Second, although the government is correct that the Court engaged in discussion with counsel outside of the presence of the jury on the issue of materiality, see id. at 6, the government is incorrect in asserting that "this Court made clear that it believed that the government had introduced sufficient evidence to show materiality," id. at 10. The Court expressed a variety of opinions as to the strength of the government's case, which included stating, "I don't even know [whether] you have any testimony in the record, really, that goes to, quote, the 'materiality' of the statements," RT (7/11/11) 151, and voicing skepticism about the idea that the government would not call a murderer as a witness, or use one as an informant, because "we don't find our informants in churches," id. The Court endeavored to articulate the government's theory of materiality in order to help it understand the government's case, see Opp'n at 6-7, but it never ruled that the government had proven that element.

For Acosta's trial counsel not to bring a Rule 29 or Rule 33 motion due to the Court's various comments would have been objectively unreasonable. Even if the Court "had already expressly made clear that it thought that the government had proved materiality," see Opp'n at 11, which it did not, Acosta's trial counsel should nevertheless have brought the motion to preserve the issue for appeal. See United States v. Reyes, 510 F. Supp. 150, 153 (D. Ariz. 1981) ("The object of a motion for a new trial is both to give the trial court the chance to correct errors in the proceedings if any, and to preserve such errors for appeal."). This is particularly so when it would have taken about 20 seconds to make an oral motion. The government conceded at the motion hearing that one factor the Court could take into account in assessing whether it was reasonable not to bring such a motion is how much time and effort would be involved in bringing the motion. Tr. (12/14/11) 8-9. Although it is not always ineffective assistance to fail to file such a motion, see, e.g., James v. Borg, 24 F.3d 20, 27 (9th Cir. 1994) (failure to bring a futile motion not ineffective assistance), it was here, particularly in light of the obvious flaws in the government's case, discussed below. The failure to bring the motion was therefore objectively unreasonable.

Accordingly, the Court finds that Acosta's delay in filing his motion was due to excusable neglect under Rule 45. Having concluded that the motion is timely, the Court now turns to its merits.

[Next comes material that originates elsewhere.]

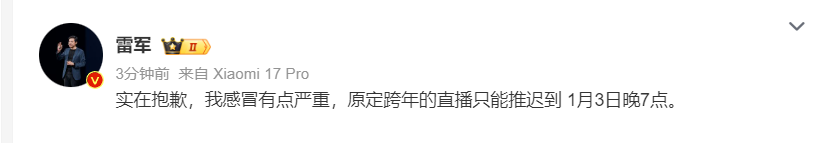 12月31日炒股配资代理,雷军发文:实在抱歉,我感冒有点严重,原定跨年的直播只能推迟到 1月3日晚7点。

B. The Federal Prosecutor Theory of Materiality

The first argument Acosta makes in his motion is that the evidence was not sufficient to support a conviction on the theory that his false statement was material to the federal prosecutors preparing the MS-13 trial. The Court agrees.

The federal prosecutor theory of materiality was not part of the government's trial brief; it addressed only the ICE theory of materiality. See Gov. Trial Br. at 1-2 ("The elements of the offense are as follows: (1) the defendant made a false statement in a matter within the jurisdiction of Immigration and Customs Enforcement, ('ICE') . . . and (3) the statement was material to the activities or decisions of Immigration and Customs Enforcement.").

Consistent with the trial brief, the evidence that came in at trial also did not support such a theory. Although Agent Moore testified that knowing Acosta's criminal history was "important to know him as a witness, and his credibility and his integrity," RT 81, and that Acosta's false statement went "to his believability on the stand" and affected the "trial prep process," id. 168-69, Moore conceded that it was not his job to decide whether Acosta would testify in the MS-13 trial, see id. 172; id. 140 ("That's not my job, to decide any of those – those – [issues about whether Acosta would testify]."); id. 144 ("I'm not one of the attorneys deciding on who to call or not call to the stand, as far as strategy, you know."). And no one whose job it was to make that decision did testify: no federal prosecutor took the stand. Mot. at 13. The jury did not even hear that Acosta did not testify in the MS-13 trial. See RT 161-62 (Court sustaining objection to such testimony based on lack of foundation, hearsay, and the confusion caused to the jury).

The government points to the prosecutor's closing argument that "the fact that there was now a meeting to discuss how the defendant's revelations about his murders had to be addressed proves that the false statement . . . was, of course, capable of affecting how the . . . prosecutors did their work." Opp'n at 14 (citing RT 26). It is true, as the government argues, that to prove that the false statement was material to the prosecutors in the MS-13 case, the government need only show that it had "a natural tendency to influence, or was capable of influencing," the prosecutors. See Kungys v. United States, 485 U.S. 759, 770 (1988); see also United States v. Somsamouth, 352 F.3d 1271, 1276 (9th Cir. 2003) ("[A]ctual influence on an agency action is not an element of the crime"). But the jury had no idea how federal prosecutors litigate cases and what factors influence their decisions to call one witness and not another, particularly in gang cases in which any witness with inside knowledge of a gang is unlikely to have an untarnished record. The government's additional arguments, that it could not put on evidence that Acosta was not going to testify in the MS-13 trial because that trial was still ongoing, and that the Court barred it from putting on evidence that Acosta had not yet testified in the MS-13 trial, see Opp'n at 15, also miss the point. The government could have called a federal prosecutor to testify that Acosta's false statement was capable of influencing his or her decision of whether to have him testify. It did not do so.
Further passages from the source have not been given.